Data section: Begin

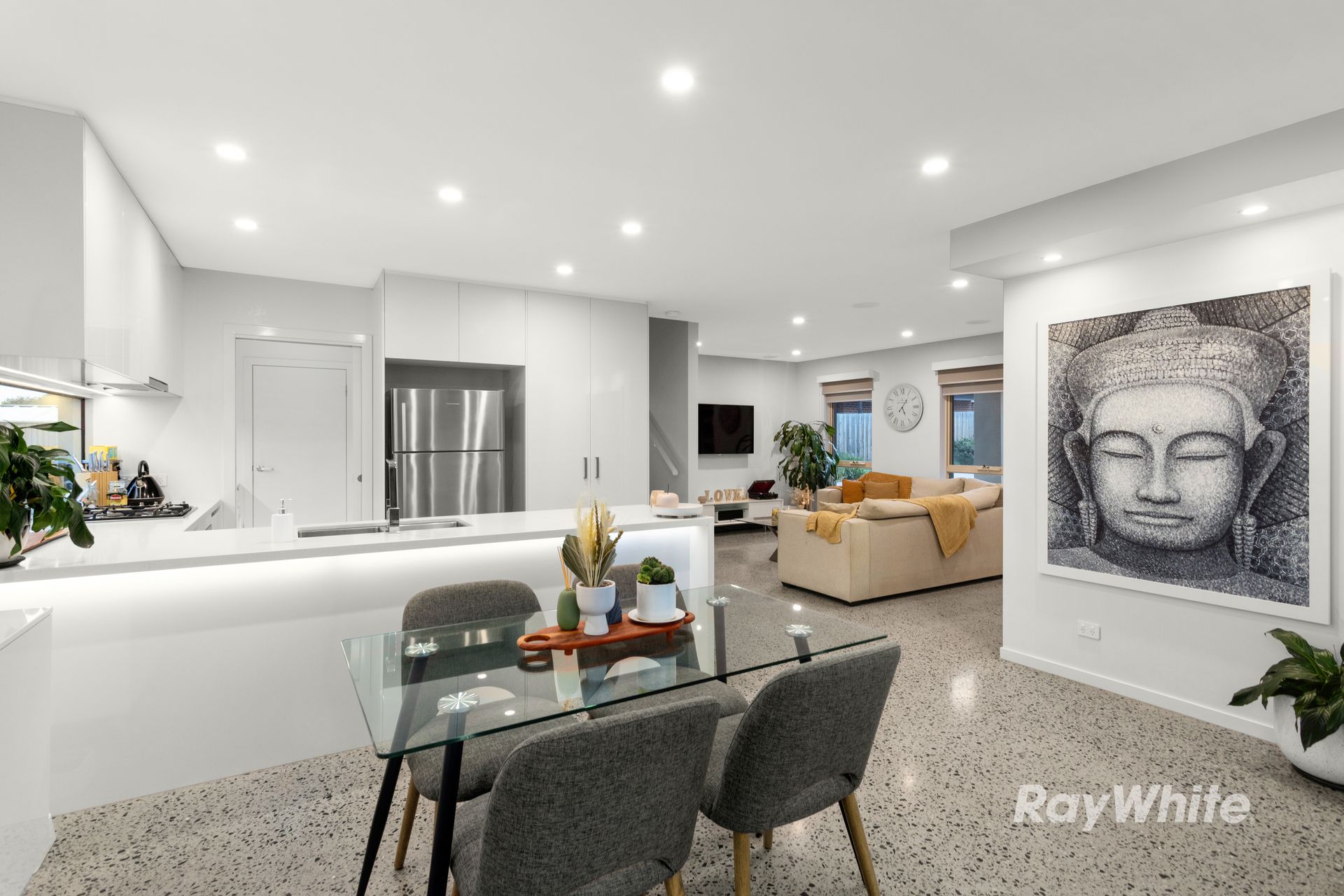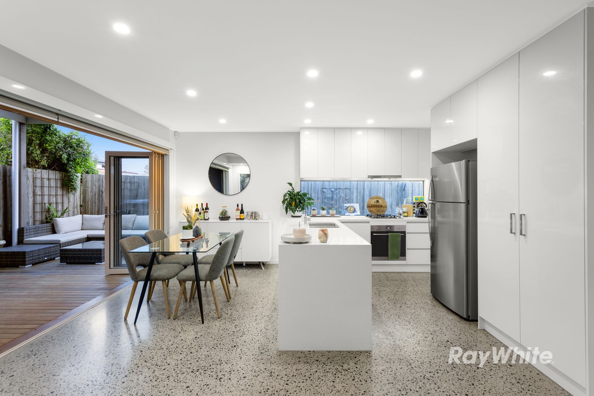 The home also features a spacious kitchen, with stainless steel Smeg appliances, stone benchtops and ample storage space. The kitchen overlooks the dining area, making it the perfect spot for family meals or hosting dinner parties.
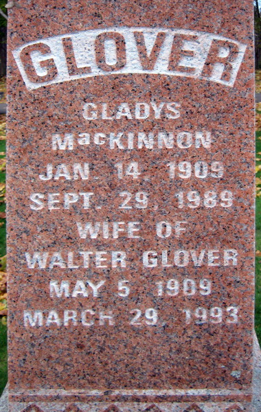 Inscription: GLOVER / Gladys / MacKinnon / Jan. 14, 1909 / Sept. 29, 1989 / Wife of / Walter Glover / May 5, 1909 / March 29, 1993.1  Tombstone, Walter Glover (1909-1993), his wife Gladys MacKinnon (1909-1989). Sherwood Cemetery, Charlottetown, Queens County, Prince Edward Island, Canada. Photo courtesy of Megan Glover.
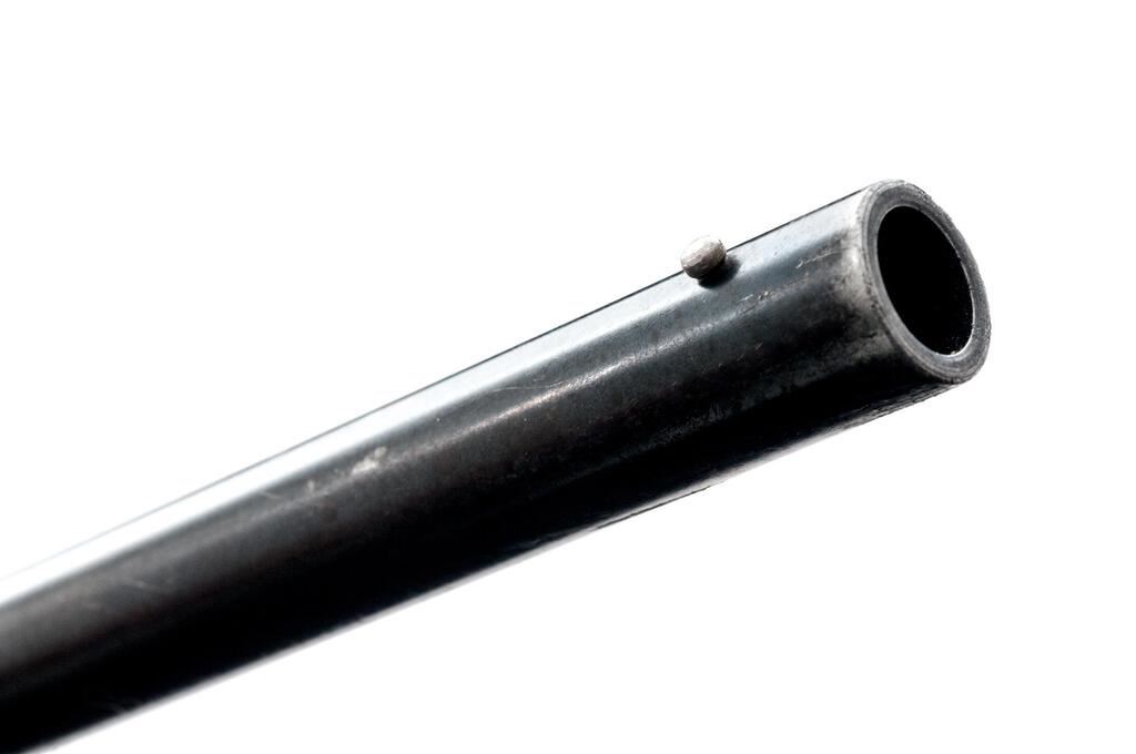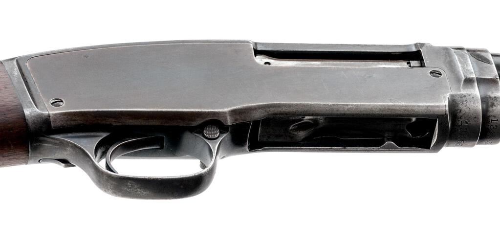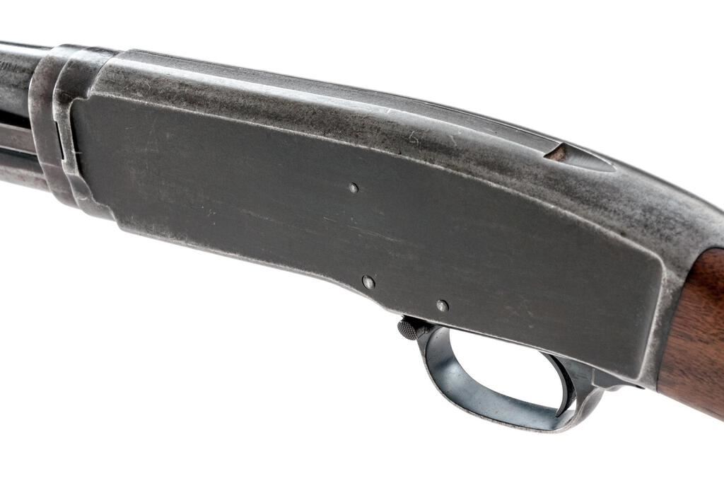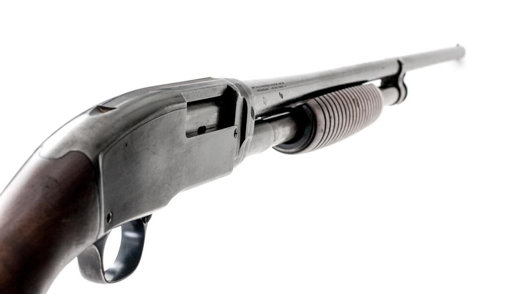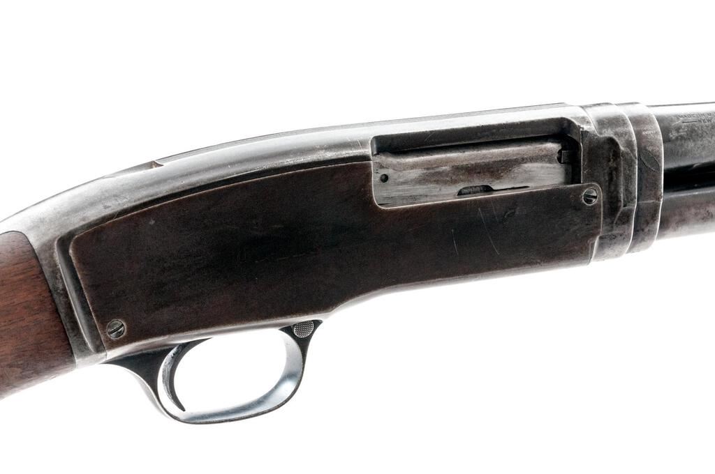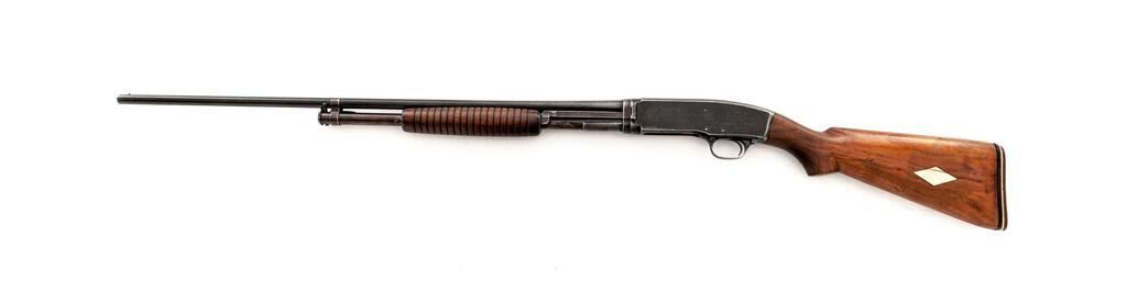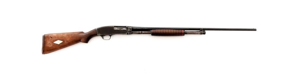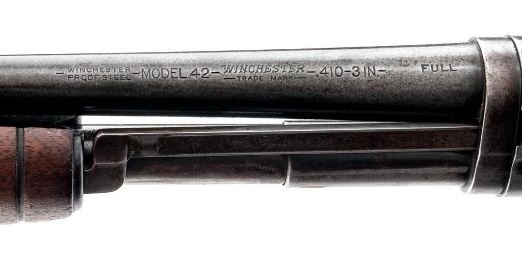 Very Early Winchester Model 42 Standard Grade Slide-Action Shotgun, #13856. .410 bore 28" plain barrel has a 3" chamber and is choked Full. The Model 42 action and takedown mechanism are similar to a Model 12; receiver is unengraved, the tubular 17-groove slide handle and uncheckered pistol grip stock are Field Grade walnut but have 2" white diamonds inlaid in the buttstock, and a Pachmayr Whiteline buttplate installed. Mfg'd in 1934, 2nd year of production. Condition is well used in the field, with approx. 50% finish remaining. Buttstock has been sanded but not refinished; receiver, barrel and magazine tube have lost much bluing from carry and use. Action still locks tight and functions correctly; however bore is bright. Est.: $650-$800. (C&R)
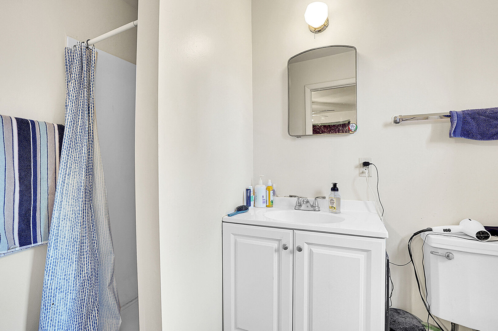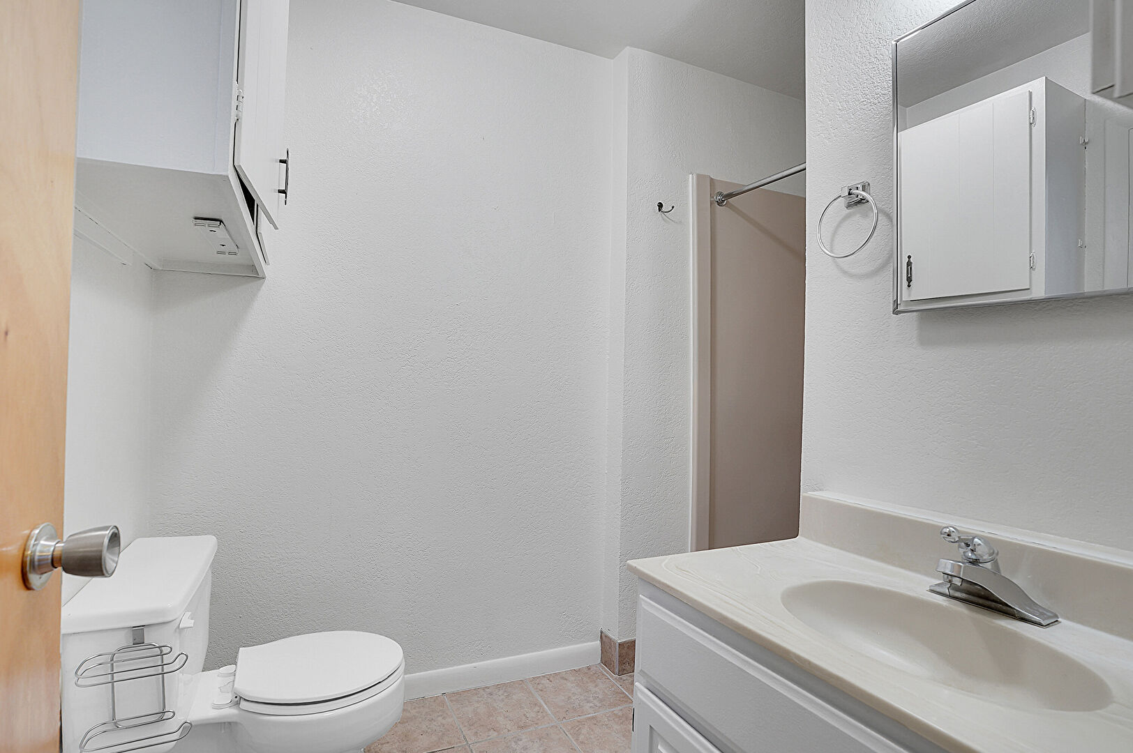 Baseboards Wall, Drywall, Full Bathroom, Natural Light, Tile Floor, Vanity, Combined Bath Shower, Full Bathroom

Data section: End

__Task to complete__:
With the pictures set aside, write out the whole listing exactly.

__Written reply__:
 The home also features a spacious kitchen, with stainless steel Smeg appliances, stone benchtops and ample storage space. The kitchen overlooks the dining area, making it the perfect spot for family meals or hosting dinner parties.
 Inscription: GLOVER / Gladys / MacKinnon / Jan. 14, 1909 / Sept. 29, 1989 / Wife of / Walter Glover / May 5, 1909 / March 29, 1993.1  Tombstone, Walter Glover (1909-1993), his wife Gladys MacKinnon (1909-1989). Sherwood Cemetery, Charlottetown, Queens County, Prince Edward Island, Canada. Photo courtesy of Megan Glover.
 Very Early Winchester Model 42 Standard Grade Slide-Action Shotgun, #13856. .410 bore 28" plain barrel has a 3" chamber and is choked Full. The Model 42 action and takedown mechanism are similar to a Model 12; receiver is unengraved, the tubular 17-groove slide handle and uncheckered pistol grip stock are Field Grade walnut but have 2" white diamonds inlaid in the buttstock, and a Pachmayr Whiteline buttplate installed. Mfg'd in 1934, 2nd year of production. Condition is well used in the field, with approx. 50% finish remaining. Buttstock has been sanded but not refinished; receiver, barrel and magazine tube have lost much bluing from carry and use. Action still locks tight and functions correctly; however bore is bright. Est.: $650-$800. (C&R)
 Baseboards Wall, Drywall, Full Bathroom, Natural Light, Tile Floor, Vanity, Combined Bath Shower, Full Bathroom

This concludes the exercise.